• What you should do
Copy out the data below from the line containing "스노우피펫 애완동물 정전기" to the line containing "Фломастеры KOH-I-NOOR, 10", both lines included, with all images left out.

• Dataset extract

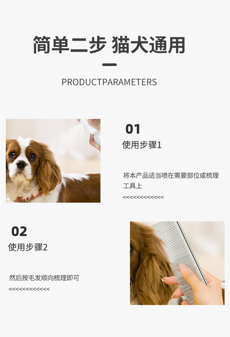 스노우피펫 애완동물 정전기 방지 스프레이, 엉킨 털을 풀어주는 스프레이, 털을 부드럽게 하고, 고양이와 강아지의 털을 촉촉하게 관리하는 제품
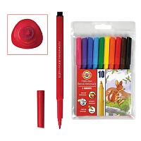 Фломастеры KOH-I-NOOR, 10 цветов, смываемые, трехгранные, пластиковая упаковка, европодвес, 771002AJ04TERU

...

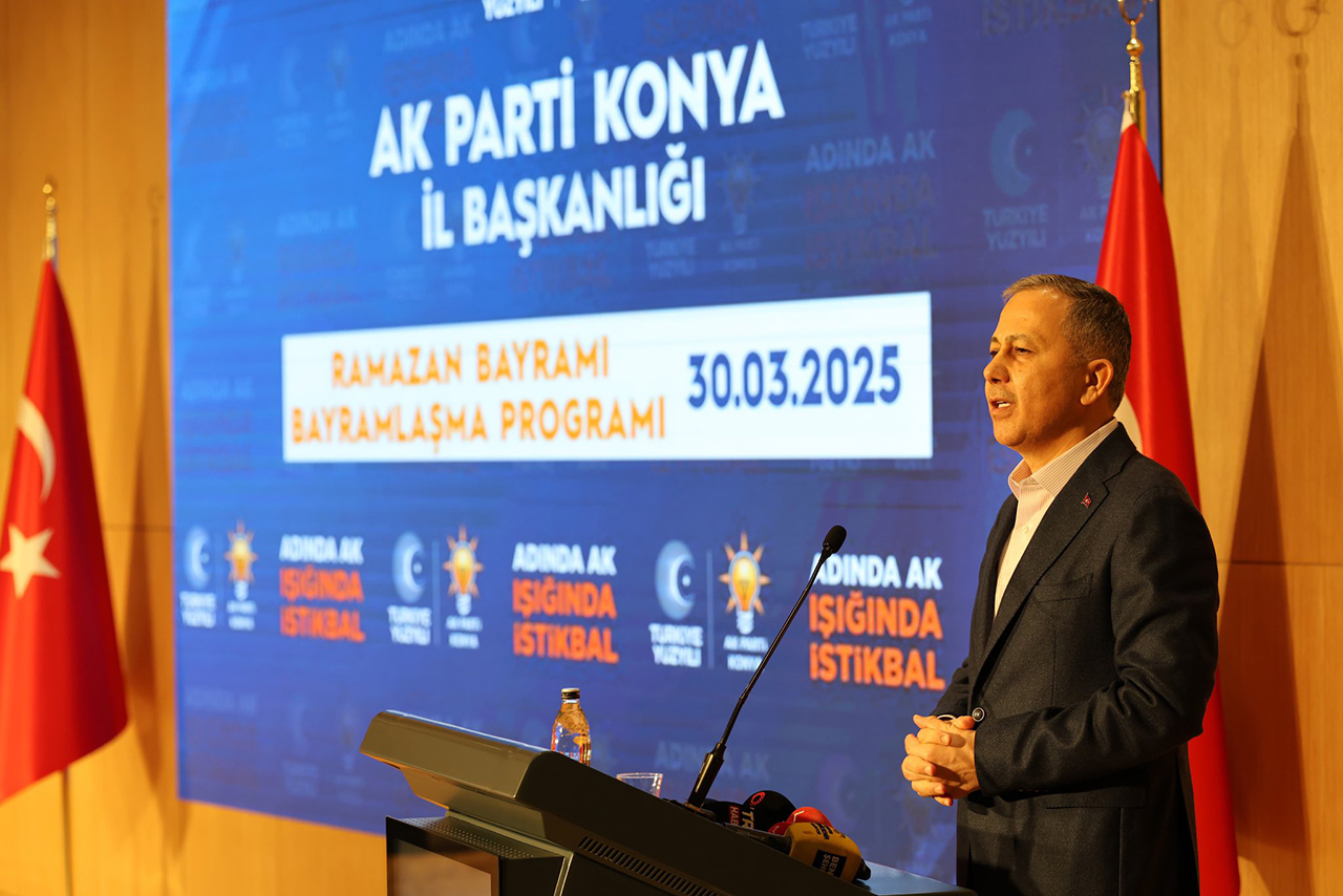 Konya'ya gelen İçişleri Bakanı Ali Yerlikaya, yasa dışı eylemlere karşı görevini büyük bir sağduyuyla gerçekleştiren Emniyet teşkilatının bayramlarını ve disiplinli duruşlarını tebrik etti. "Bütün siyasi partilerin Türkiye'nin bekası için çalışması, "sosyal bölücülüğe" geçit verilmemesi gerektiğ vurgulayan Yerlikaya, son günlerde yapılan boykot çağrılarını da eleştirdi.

...

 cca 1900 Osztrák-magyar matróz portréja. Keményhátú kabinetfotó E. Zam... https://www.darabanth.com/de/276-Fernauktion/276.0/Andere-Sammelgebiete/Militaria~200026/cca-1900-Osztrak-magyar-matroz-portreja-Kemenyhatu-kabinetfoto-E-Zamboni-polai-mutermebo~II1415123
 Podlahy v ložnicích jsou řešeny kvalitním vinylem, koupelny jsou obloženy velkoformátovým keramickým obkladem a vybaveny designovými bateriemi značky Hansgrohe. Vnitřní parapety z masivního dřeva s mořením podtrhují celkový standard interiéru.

• Answer to the problem
 스노우피펫 애완동물 정전기 방지 스프레이, 엉킨 털을 풀어주는 스프레이, 털을 부드럽게 하고, 고양이와 강아지의 털을 촉촉하게 관리하는 제품
 Фломастеры KOH-I-NOOR, 10 цветов, смываемые, трехгранные, пластиковая упаковка, европодвес, 771002AJ04TERU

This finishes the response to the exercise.